PROVIDED DATA —

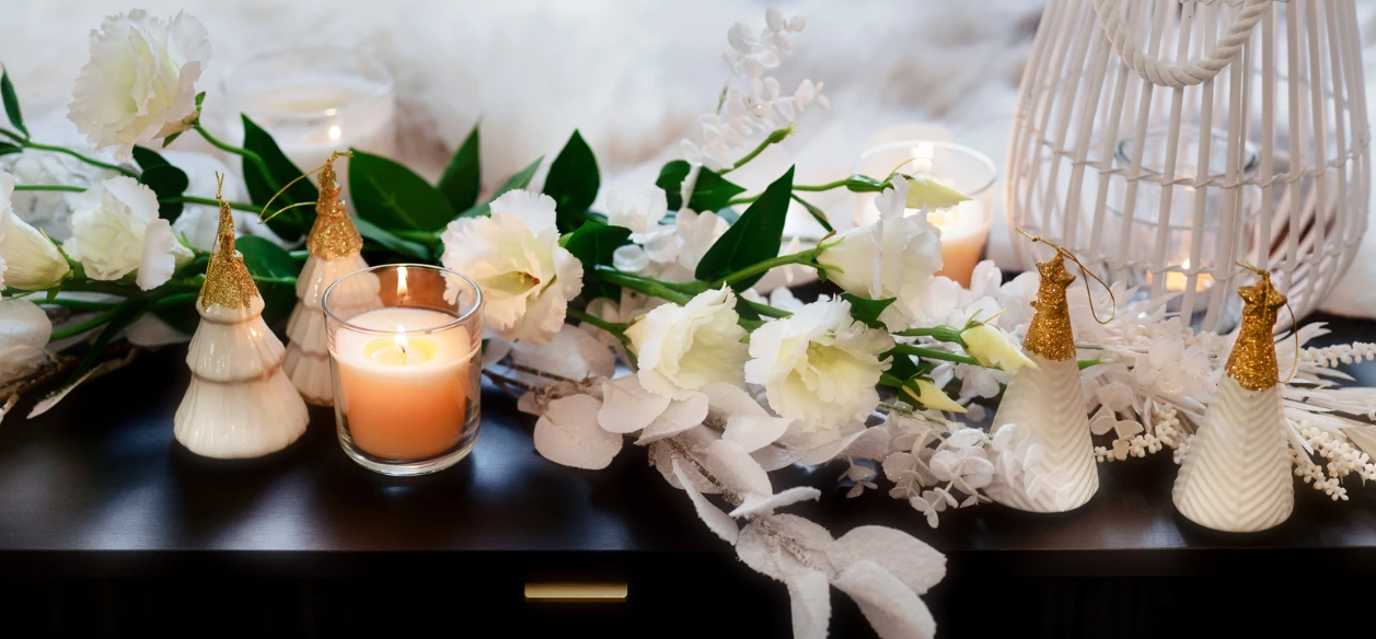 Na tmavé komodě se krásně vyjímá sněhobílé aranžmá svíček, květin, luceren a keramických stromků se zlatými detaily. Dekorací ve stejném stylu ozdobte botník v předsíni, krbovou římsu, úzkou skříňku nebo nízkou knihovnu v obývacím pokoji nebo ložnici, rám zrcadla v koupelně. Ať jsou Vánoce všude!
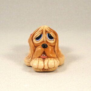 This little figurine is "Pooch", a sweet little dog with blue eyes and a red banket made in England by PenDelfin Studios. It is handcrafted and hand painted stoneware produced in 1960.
==
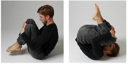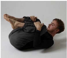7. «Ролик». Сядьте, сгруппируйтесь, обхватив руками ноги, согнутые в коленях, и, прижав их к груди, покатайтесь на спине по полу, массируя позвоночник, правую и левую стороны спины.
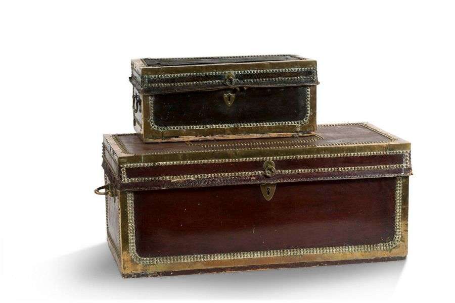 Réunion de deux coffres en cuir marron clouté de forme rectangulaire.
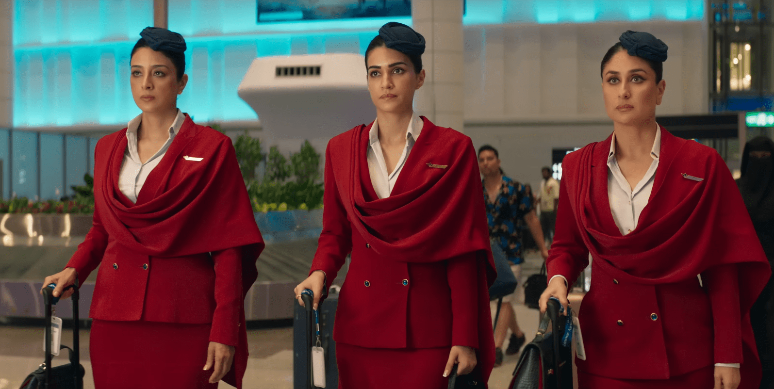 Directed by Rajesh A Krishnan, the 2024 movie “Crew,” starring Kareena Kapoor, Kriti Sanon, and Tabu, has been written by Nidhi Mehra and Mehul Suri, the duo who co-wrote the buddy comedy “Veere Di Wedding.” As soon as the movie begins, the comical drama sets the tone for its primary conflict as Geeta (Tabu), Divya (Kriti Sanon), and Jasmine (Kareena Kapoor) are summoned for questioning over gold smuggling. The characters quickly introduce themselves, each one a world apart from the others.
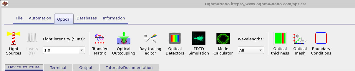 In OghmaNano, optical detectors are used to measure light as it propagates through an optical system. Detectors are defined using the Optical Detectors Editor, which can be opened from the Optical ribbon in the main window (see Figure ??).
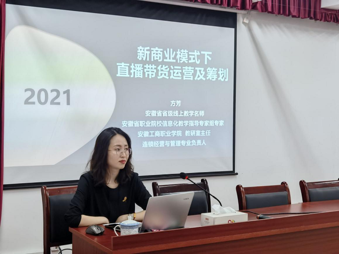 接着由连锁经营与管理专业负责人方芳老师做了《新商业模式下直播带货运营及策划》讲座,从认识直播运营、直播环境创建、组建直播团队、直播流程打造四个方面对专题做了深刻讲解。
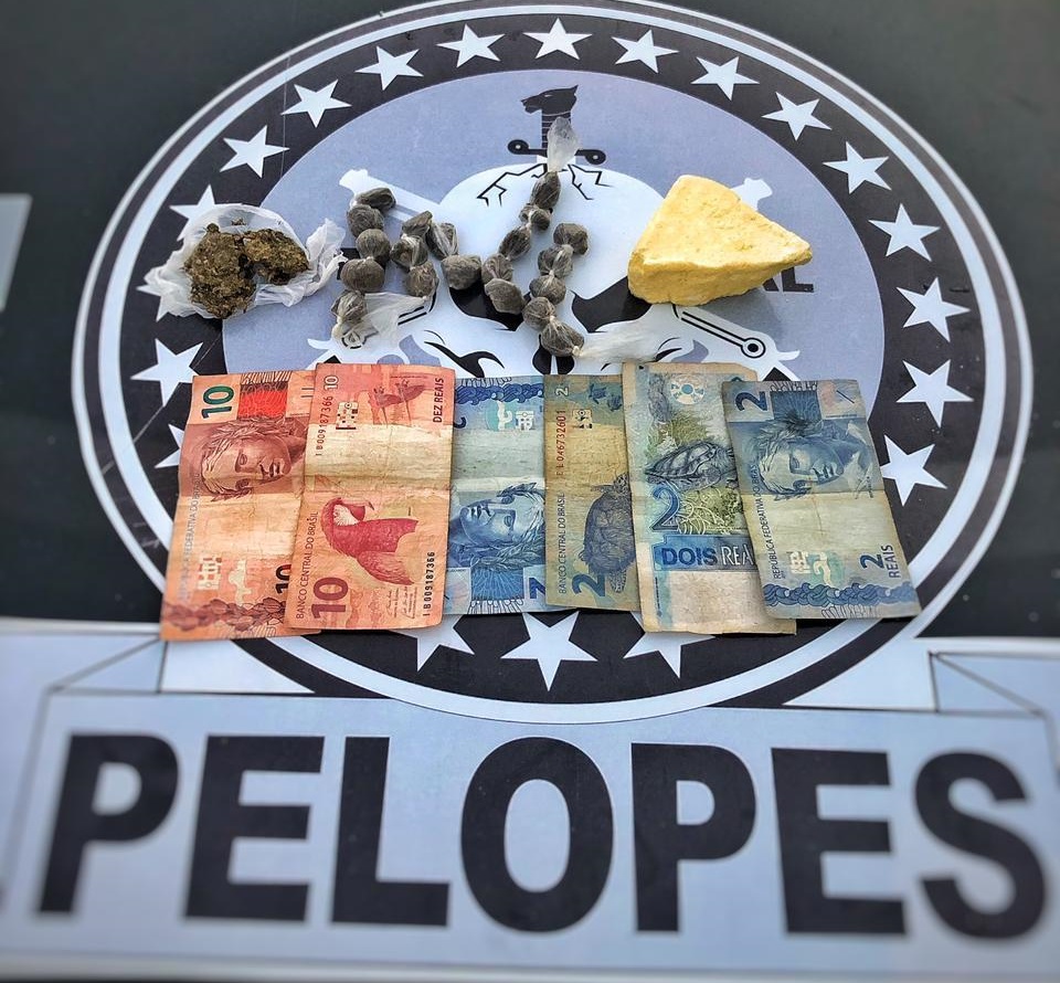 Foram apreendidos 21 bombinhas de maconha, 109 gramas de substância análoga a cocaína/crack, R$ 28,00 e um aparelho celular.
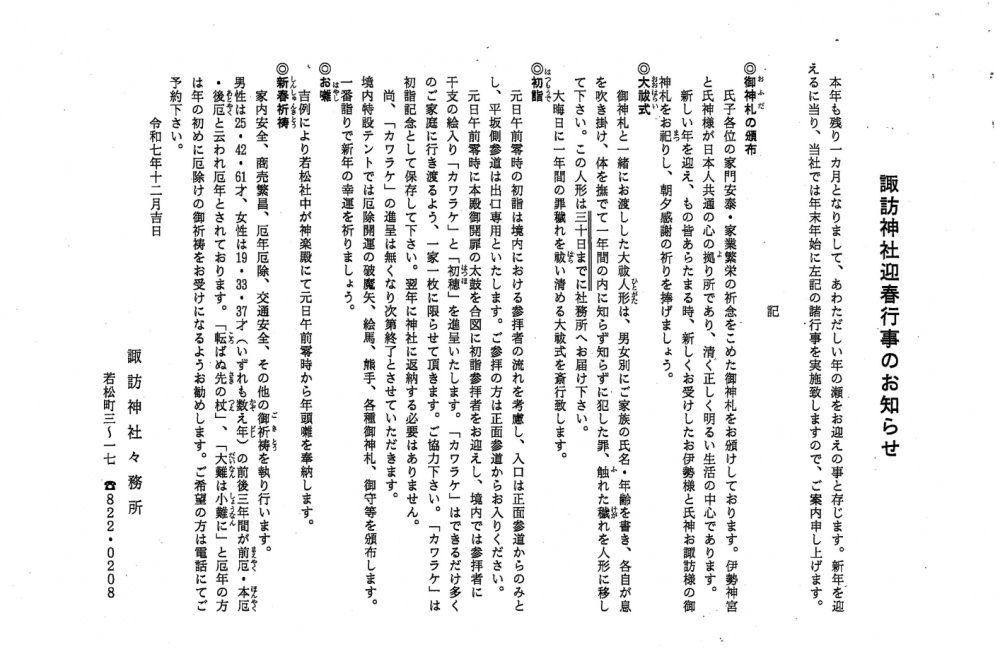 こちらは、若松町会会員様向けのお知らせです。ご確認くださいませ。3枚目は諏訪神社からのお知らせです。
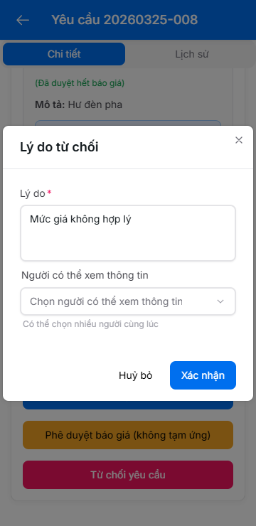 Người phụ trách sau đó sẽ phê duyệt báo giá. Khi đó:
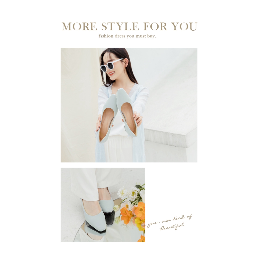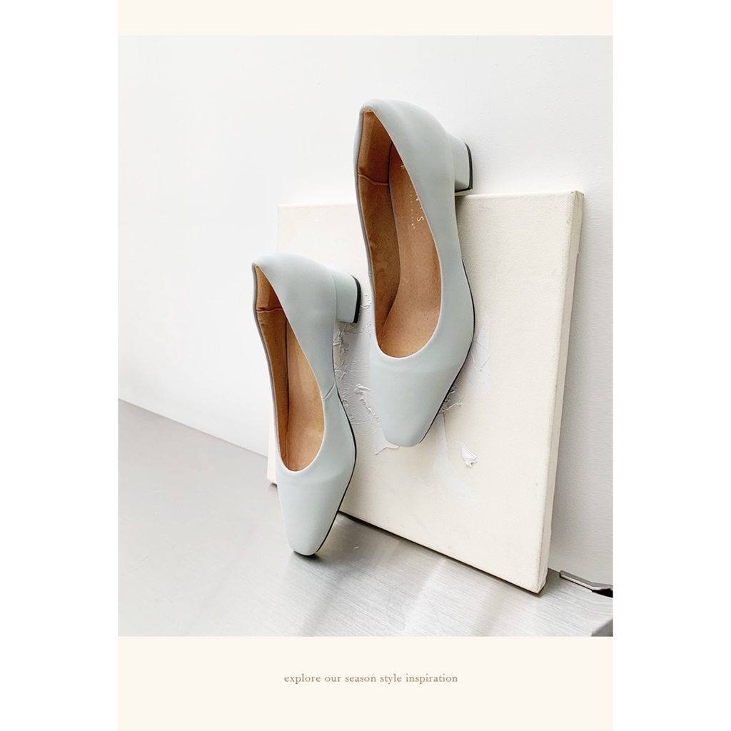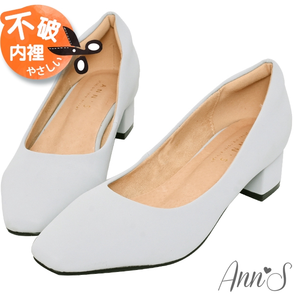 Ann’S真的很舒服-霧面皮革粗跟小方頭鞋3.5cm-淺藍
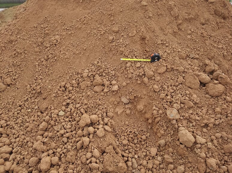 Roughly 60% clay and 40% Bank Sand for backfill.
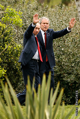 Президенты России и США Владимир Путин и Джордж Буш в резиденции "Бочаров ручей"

PROBLEM TO SOLVE —
Please output, exactly as written, the lines above from the one holding "In OghmaNano, optical" through the one holding "Президенты России и", both included, with the pictures omitted.

SOLUTION TO THE PROBLEM —
 In OghmaNano, optical detectors are used to measure light as it propagates through an optical system. Detectors are defined using the Optical Detectors Editor, which can be opened from the Optical ribbon in the main window (see Figure ??).
 接着由连锁经营与管理专业负责人方芳老师做了《新商业模式下直播带货运营及策划》讲座,从认识直播运营、直播环境创建、组建直播团队、直播流程打造四个方面对专题做了深刻讲解。
 Foram apreendidos 21 bombinhas de maconha, 109 gramas de substância análoga a cocaína/crack, R$ 28,00 e um aparelho celular.
 こちらは、若松町会会員様向けのお知らせです。ご確認くださいませ。3枚目は諏訪神社からのお知らせです。
 Người phụ trách sau đó sẽ phê duyệt báo giá. Khi đó:
 Ann’S真的很舒服-霧面皮革粗跟小方頭鞋3.5cm-淺藍
 Roughly 60% clay and 40% Bank Sand for backfill.
 Президенты России и США Владимир Путин и Джордж Буш в резиденции "Бочаров ручей"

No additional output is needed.